→ Try it
Carry none of the pictures over; write out the complete data exactly.

→ Stored data

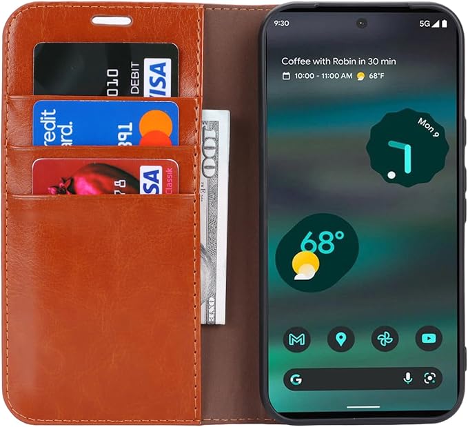 Eastwave 手帳型 財布型 カバー for 用の Google Pixel 8A と互換性のある 収納ポケット 牛革製品 ポケット収納付き 横置きスタンド機能 4色 ライトブラウン | KAZESHOP
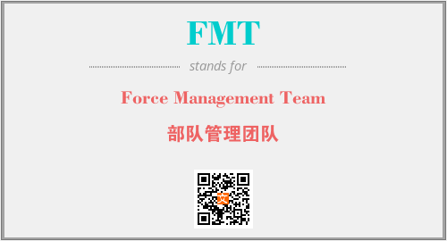 英文缩略词“FMT”经常作为“Force Management Team”的英文缩写来使用,中文表示:“部队管理团队”。本文将详细介绍英文缩写词FMT所代表英文单词,其对应的中文拼音、详细解释以及在英语中的流行度。此外,还有关于缩略词FMT的分类、应用领域及相关应用示例等。
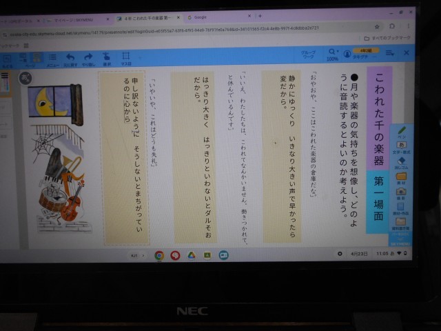 今日は、第一場面の学習でした。音読の仕方について、登場人物の気持ちや場面の様子を考えながら、端末に書き込んでいました。
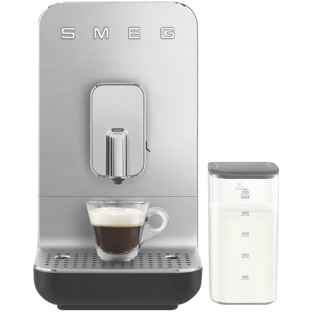 Upgrade your morning brew with the sleek and stylish Smeg Bean To Cup Coffee Machine in matte black. This automatic coffee maker is designed to simplify your coffee routine while delivering barista-quality results. With a powerful 1350-watt motor and 19 bar pump pressure you can expect rich full-bodied espresso every time. The built-in grinder ensures the freshest flavor while the adjustable settings let you customize your coffee just the way you like it. Whether you're in the mood for a classic espresso a creamy cappuccino or a frothy latte macchiato this machine has you covered with its easy-to-use 'One Touch' function. Plus the generous 1.4L water tank means fewer refills between brews. Crafted with a durable plastic body and an elegant aluminum front panel this coffee machine is built to last. And with a 2-year manufacturer's warranty you can enjoy your daily coffee with peace of mind. Elevate your coffee game with the Smeg BCC13BLMAU Bean To Cup Coffee Machine.

→ Exercise answer
 Eastwave 手帳型 財布型 カバー for 用の Google Pixel 8A と互換性のある 収納ポケット 牛革製品 ポケット収納付き 横置きスタンド機能 4色 ライトブラウン | KAZESHOP
 英文缩略词“FMT”经常作为“Force Management Team”的英文缩写来使用,中文表示:“部队管理团队”。本文将详细介绍英文缩写词FMT所代表英文单词,其对应的中文拼音、详细解释以及在英语中的流行度。此外,还有关于缩略词FMT的分类、应用领域及相关应用示例等。
 今日は、第一場面の学習でした。音読の仕方について、登場人物の気持ちや場面の様子を考えながら、端末に書き込んでいました。
 Upgrade your morning brew with the sleek and stylish Smeg Bean To Cup Coffee Machine in matte black. This automatic coffee maker is designed to simplify your coffee routine while delivering barista-quality results. With a powerful 1350-watt motor and 19 bar pump pressure you can expect rich full-bodied espresso every time. The built-in grinder ensures the freshest flavor while the adjustable settings let you customize your coffee just the way you like it. Whether you're in the mood for a classic espresso a creamy cappuccino or a frothy latte macchiato this machine has you covered with its easy-to-use 'One Touch' function. Plus the generous 1.4L water tank means fewer refills between brews. Crafted with a durable plastic body and an elegant aluminum front panel this coffee machine is built to last. And with a 2-year manufacturer's warranty you can enjoy your daily coffee with peace of mind. Elevate your coffee game with the Smeg BCC13BLMAU Bean To Cup Coffee Machine.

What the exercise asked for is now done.